Core Design: Three-Tier Agent Architecture¶
Tier 1: Conversational Agents (GenServer, short-lived)¶
- User-facing chat agents per domain
- Scoped to a session, hold conversation state in GenServer
- Die when user disconnects, restart if they return
- Intent classification: pattern match (free) → Claude fallback (~$0.01)
- Tool calling via MCP servers
- UI rendering (tables, stat cards, charts via RenderUI tool)
Agent Types: - User Chat Agent — general-purpose, routes to domain agents - Reach Agent — SMS/voice/chat/email for workers and clients - Admin Assistant — natural language queries over dashboards and reports
Tier 2: Workflow Agents (Oban, medium-lived)¶
- Multi-step business processes (hours to weeks)
- Checkpoint state to PostgreSQL via Oban workers
- Survive node restarts, distribute across cluster
- Human-in-the-loop approval gates
- Escalation on failure/timeout
Agent Types: - Onboarding Pipeline — start → docs → verify → induct → place (days/weeks) - Scoring & Matching — batch scoring + AI reasoning for edge cases - Payroll Processing — calculate → validate → review → approve → submit - Incident Response — report → classify → notify → investigate → resolve
Tier 3: Autonomous Agents (Oban Cron, long-lived)¶
- Always-on monitoring and analysis
- Scheduled or event-triggered execution
- PROPOSE-only — never take destructive action without human approval
- Only allowed: READ, NOTIFY, REPORT
Agent Types: - Compliance Monitor — credential expiry, award rate changes, regulatory updates - Anomaly Detector — timesheet fraud signals, payroll discrepancies, roster conflicts - Roster Optimiser — overnight optimisation considering availability, skills, compliance, fatigue, cost - Data Quality Agent — incomplete records, stale credentials, data inconsistencies
Infrastructure¶
Orchestrator¶
- Receives all user/system intents
- Two-tier classification:
- Tier 1: Pattern matching on keywords → domain.
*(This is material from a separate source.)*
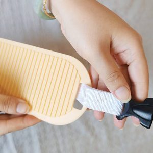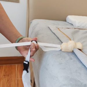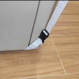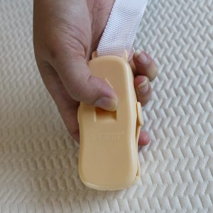 如果没有床脚有床垫,就要使用垫片:先打开绳子卡扣穿过垫片的小孔,然后抬起床垫,压住垫片(如果使用床脚请忽略此步骤)
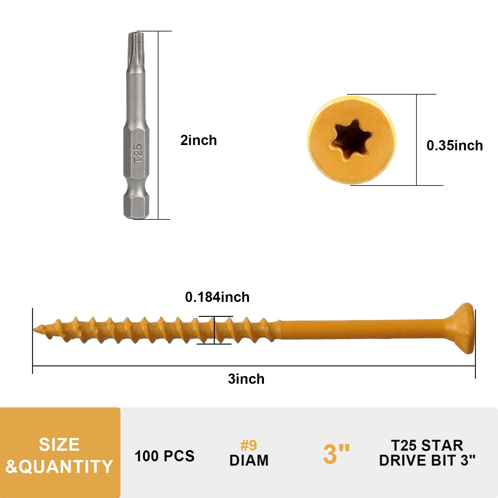 T25 Star/Torx Drive: T25 star/torx drive deck screws come with 6 contact points. This drive saves driving torque and further secures the screws into the wood structure, Designed to eliminate loosening and Shedding when tightening screws

Cost: $0
- Tier 2: Claude classification for ambiguous intents. Cost: ~$0.01
- Creates/retrieves appropriate agent for the domain
- Manages agent lifecycle (create, monitor, terminate)
- Cross-domain coordination for multi-step intents
MCP Server Registry¶
- Catalog of all 18 domain MCP servers
- Typed tool schemas (inputs/outputs/descriptions)
- Permission matrix (which agents can call which tools)
- IRAP restrictions (defence tenants: restricted tool set)
- Dynamic registration (new domain → auto-registered)
Claude Client (Provider Abstraction — Hexagonal)¶
Port: AiProvider behaviour
├── AnthropicDirect adapter (commercial deployment)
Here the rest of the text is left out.